Top of Supplied data

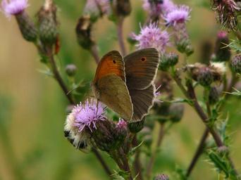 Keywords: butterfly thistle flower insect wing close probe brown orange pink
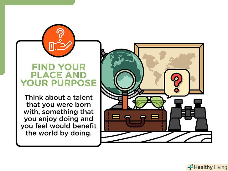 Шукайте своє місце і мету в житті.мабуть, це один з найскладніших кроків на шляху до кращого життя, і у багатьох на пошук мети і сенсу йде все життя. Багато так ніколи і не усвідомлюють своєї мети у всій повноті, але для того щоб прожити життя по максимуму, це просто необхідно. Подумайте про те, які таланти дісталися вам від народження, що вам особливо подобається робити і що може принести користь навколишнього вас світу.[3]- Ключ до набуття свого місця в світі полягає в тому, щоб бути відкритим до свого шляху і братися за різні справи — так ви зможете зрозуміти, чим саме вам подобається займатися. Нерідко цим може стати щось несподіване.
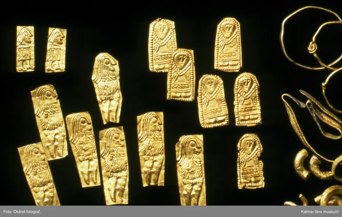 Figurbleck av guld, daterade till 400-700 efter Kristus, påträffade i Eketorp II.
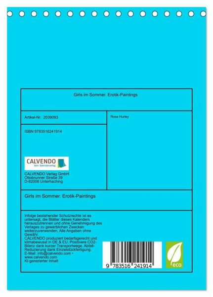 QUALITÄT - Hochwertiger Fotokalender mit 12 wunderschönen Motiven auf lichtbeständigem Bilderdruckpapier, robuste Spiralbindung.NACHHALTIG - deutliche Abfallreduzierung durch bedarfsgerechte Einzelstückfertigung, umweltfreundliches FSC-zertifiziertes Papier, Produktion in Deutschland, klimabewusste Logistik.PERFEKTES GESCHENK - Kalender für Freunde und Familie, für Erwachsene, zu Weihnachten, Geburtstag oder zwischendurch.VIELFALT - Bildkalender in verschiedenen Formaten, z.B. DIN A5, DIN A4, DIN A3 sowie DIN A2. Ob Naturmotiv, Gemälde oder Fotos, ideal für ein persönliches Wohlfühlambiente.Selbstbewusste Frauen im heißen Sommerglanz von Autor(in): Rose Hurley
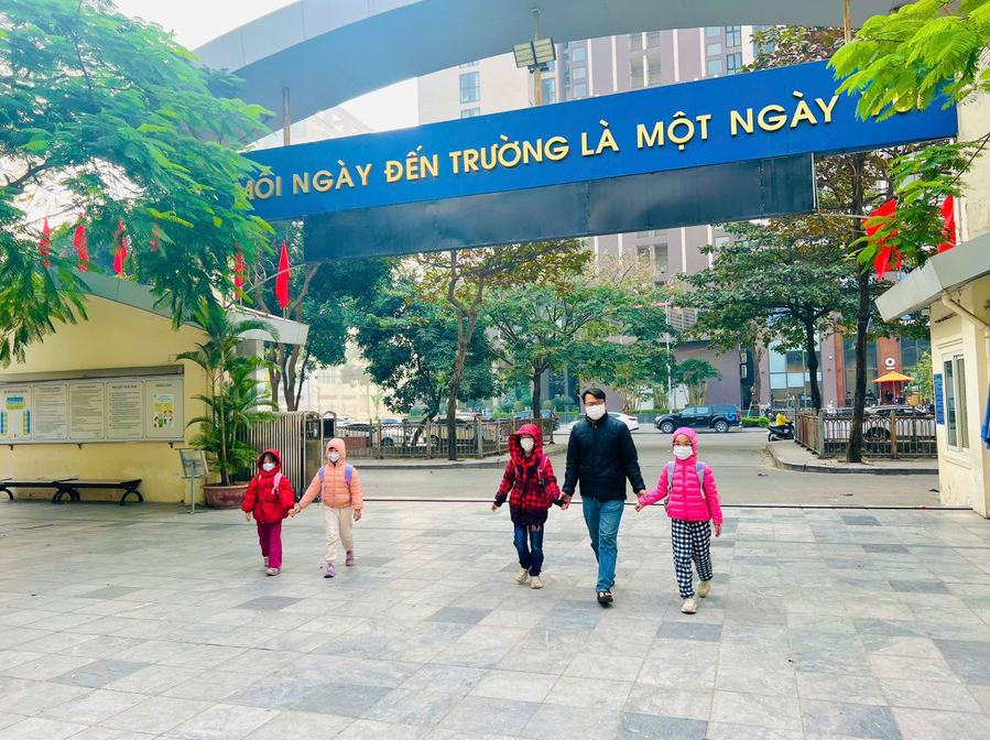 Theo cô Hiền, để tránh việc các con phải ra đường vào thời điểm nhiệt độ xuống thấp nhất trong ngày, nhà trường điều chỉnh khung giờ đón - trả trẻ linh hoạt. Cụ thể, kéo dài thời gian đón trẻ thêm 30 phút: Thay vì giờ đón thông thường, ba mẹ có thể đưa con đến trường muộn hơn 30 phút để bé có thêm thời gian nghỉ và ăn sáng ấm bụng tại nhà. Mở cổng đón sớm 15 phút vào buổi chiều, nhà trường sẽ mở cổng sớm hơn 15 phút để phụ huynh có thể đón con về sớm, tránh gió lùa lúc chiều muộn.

Bottom of Supplied data
Top of Supplied data

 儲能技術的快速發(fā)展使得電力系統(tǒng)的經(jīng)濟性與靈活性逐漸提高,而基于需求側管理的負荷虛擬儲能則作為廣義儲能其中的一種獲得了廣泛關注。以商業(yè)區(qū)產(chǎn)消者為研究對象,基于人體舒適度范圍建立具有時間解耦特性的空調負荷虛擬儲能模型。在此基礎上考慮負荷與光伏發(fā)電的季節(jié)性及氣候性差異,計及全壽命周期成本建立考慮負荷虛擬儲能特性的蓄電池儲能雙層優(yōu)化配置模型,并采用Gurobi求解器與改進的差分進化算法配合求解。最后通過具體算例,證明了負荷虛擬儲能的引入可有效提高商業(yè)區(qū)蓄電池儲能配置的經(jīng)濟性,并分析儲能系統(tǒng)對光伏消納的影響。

Bottom of Supplied data
Top of Supplied data

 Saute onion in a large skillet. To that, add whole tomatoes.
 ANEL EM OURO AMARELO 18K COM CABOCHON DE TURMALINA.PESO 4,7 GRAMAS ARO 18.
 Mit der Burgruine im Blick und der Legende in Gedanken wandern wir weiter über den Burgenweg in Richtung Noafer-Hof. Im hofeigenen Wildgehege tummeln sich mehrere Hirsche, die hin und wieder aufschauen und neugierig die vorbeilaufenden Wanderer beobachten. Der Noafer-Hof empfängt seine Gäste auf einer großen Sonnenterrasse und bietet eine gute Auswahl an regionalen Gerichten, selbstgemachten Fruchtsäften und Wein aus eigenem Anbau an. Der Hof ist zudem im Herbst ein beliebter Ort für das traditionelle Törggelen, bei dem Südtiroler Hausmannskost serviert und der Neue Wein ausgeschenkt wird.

Bottom of Supplied data

• **What you are asked to do**:
Using the records above, copy word for word the line with "ANEL EM OURO", the line with "Mit der Burgruine", and every line between them.

• **Exercise result**:
 ANEL EM OURO AMARELO 18K COM CABOCHON DE TURMALINA.PESO 4,7 GRAMAS ARO 18.
 Mit der Burgruine im Blick und der Legende in Gedanken wandern wir weiter über den Burgenweg in Richtung Noafer-Hof. Im hofeigenen Wildgehege tummeln sich mehrere Hirsche, die hin und wieder aufschauen und neugierig die vorbeilaufenden Wanderer beobachten. Der Noafer-Hof empfängt seine Gäste auf einer großen Sonnenterrasse und bietet eine gute Auswahl an regionalen Gerichten, selbstgemachten Fruchtsäften und Wein aus eigenem Anbau an. Der Hof ist zudem im Herbst ein beliebter Ort für das traditionelle Törggelen, bei dem Südtiroler Hausmannskost serviert und der Neue Wein ausgeschenkt wird.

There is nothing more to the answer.